Студент и пролетарий.
[Поскольку юридический факультет на улице Сен-Жак оказался закрыт, встреча с относительно небольшим числом участников семинара состоялась на ступенях Пантеона. Многие вопросы, в записи неразличимые, в данном тексте отсутствуют.]
Я хотел бы получить разъяснения по поводу неприятного инцидента, из-за которого мы здесь оказались. Ну, а пока я готов ответить на ваши вопросы.
X: [О диалектике Гегеля.]
Я сообразил на этих днях, что о функциях господина и раба, заимствованных мною из диалектики Гегеля, мне уже приходилось говорить раньше, причем более детально, чем я делаю это теперь.
Я никогда не говорю ничего, что не было бы продумано мною раньше, так что об этом можно было догадываться. Но другое дело вернуться к тексту моего семинара, которые всегда, как вам известно, стенографировались.
В ноябре 1962 года, ведя в госпитале Святой Анны семинар, посвященный тревоге, я, начиная, если не ошибаюсь, со второй лекции, четко обозначил нечто такое, что идентично, в принципе, тому, что говорю я сейчас о дискурсе господина. Я указал тогда на различия между позициями господина и раба как описаны они в Феноменологии духа. Именно это послужило отправной точкой для Кожева, который всегда тщательно обходил то, что у Гегеля этому моменту предшествовало, — но я заостряю ваше внимание совсем не на этом.
180
Те же мысли, которые я развиваю сейчас относительно дискурса господина, определили в свое время и способ моего подхода к тревоге.
Один человек, в мотивы которого я предпочту не вдаваться, написал целый доклад, который должен через два дня выйти в свет, где в примечании он обличает меня в том, что я, мол, отодвинул на задний план, а то и вовсе положил под сукно, такое понятие, как аффект. Неправда, будто я забываю об аффекте — напротив, благодаря их стараниям я испытываю его на собственной шкуре. Весь семинар этого года выстроен вокруг тревоги как аффекта — того центрального аффекта, вокруг которого все и упорядочивается. Поскольку тревога выступает у меня как основополагающий аффект, даже к лучшему, пожалуй, что я он с колыбели не был мне чужд.

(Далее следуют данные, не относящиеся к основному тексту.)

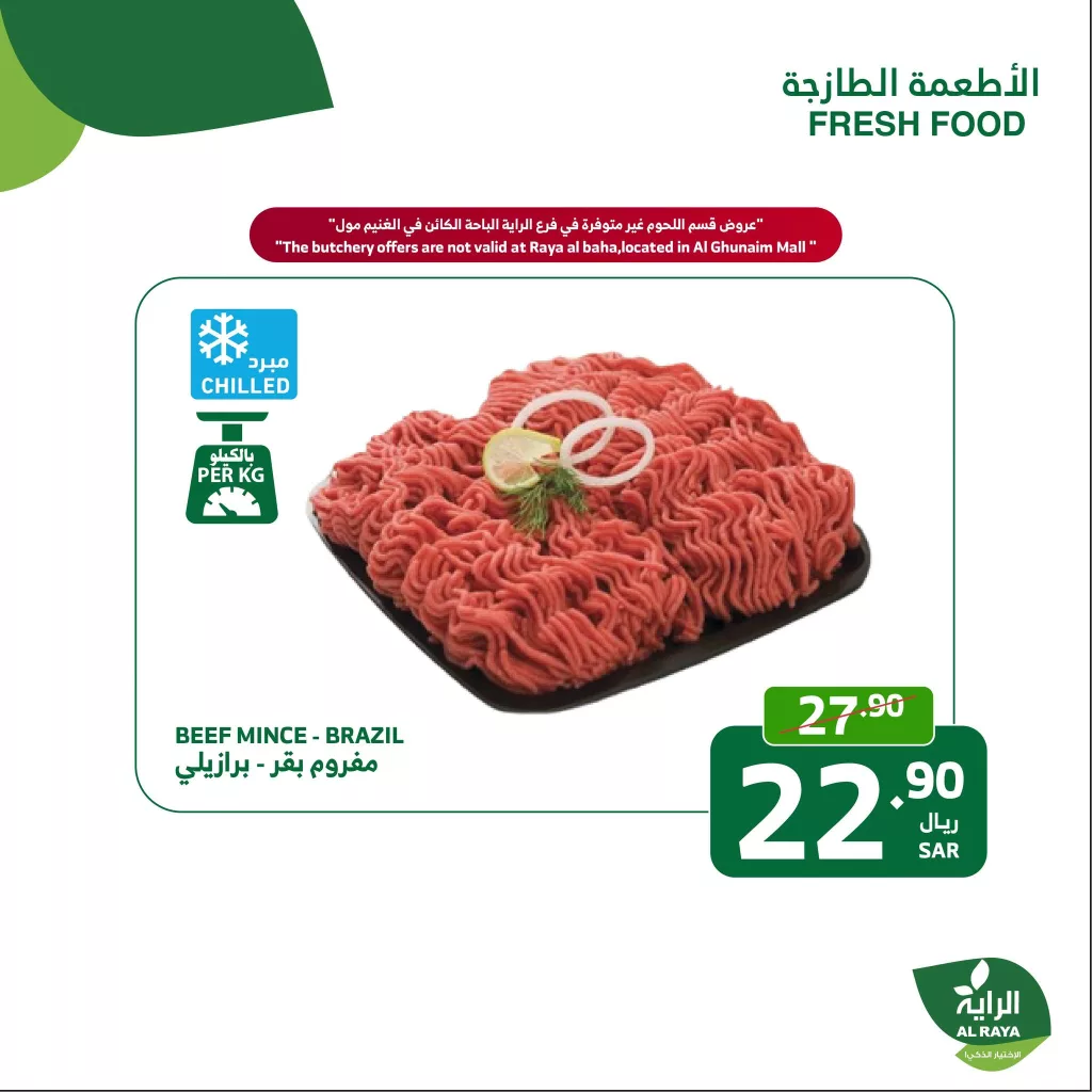 تتميز عروض أسواق الراية أيضا بتشكيلة متنوعة من الأجبان واللحوم الطازجة المستوردة من دول مختلفة مثل البرازيل ومصر لتمنح العملاء تجربة تسوق مميزة تلبي جميع احتياجات الأسرة من الأطعمة الطازجة بجودة عالية وأسعار مشجعة على الشراء.

На самом деле я всего-навсего отнесся всерьез, говоря о причинах Verneinung, к тому, о чем недвусмысленно заявляет сам Фрейд — что вытесняется вовсе не аффект. Именно в связи с этим и вводит Фрейд пресловутый термин Reprдsentanz, который я, в отличие от многих других, упорно, и не без определенных на то причин, передающих его как представительное представление, перевожу как представитель представления, что далеко не одно и то же. В одном случае, представитель сам не является представлением, в другом — это всего лишь представление наряду с прочими. Эти два перевода отличаются между собою принципиально. По моей версии аффект в результате вытеснения оказывается смещен, не поддается идентификации, ускользает — его корни становятся от нас скрыты.
В этом суть вытеснения. Аффект не подавляется — он смещается, становится неузнаваем.
X: [Об отношениях экзистенциализма и структурализма.]
Именно так — как если бы экзистенциалистская мысль была единственной гарантией возможности обратиться к аффекту.
X: — Как связана ваша концепция тревоги с концепцией Киркегора?
Вы представить себе не можете, каким мыслителем меня выставляют. Стоит мне о ком-нибудь упомянуть, как меня тут же зачисляют в его последователи. Это типично университетское головокружение. Почему бы мне, на самом деле, о Киркегоре не упомянуть? Ясно ведь, что придав в икономии — так как речь идет именно об икономии — такое значение тревоге, я не вправе был умолчать о том, что нашелся в один прекрасный момент человек, с которым связано выявление, обнаружение, не тревоги, конечно, а понятия тревоги, как сам Киркегор одну из своих работ озаглавил. И не случайно, конечно, понятие это явилось на свет в определенный исторический момент. Об этом я как раз и хотел сегодня утром с вами поговорить.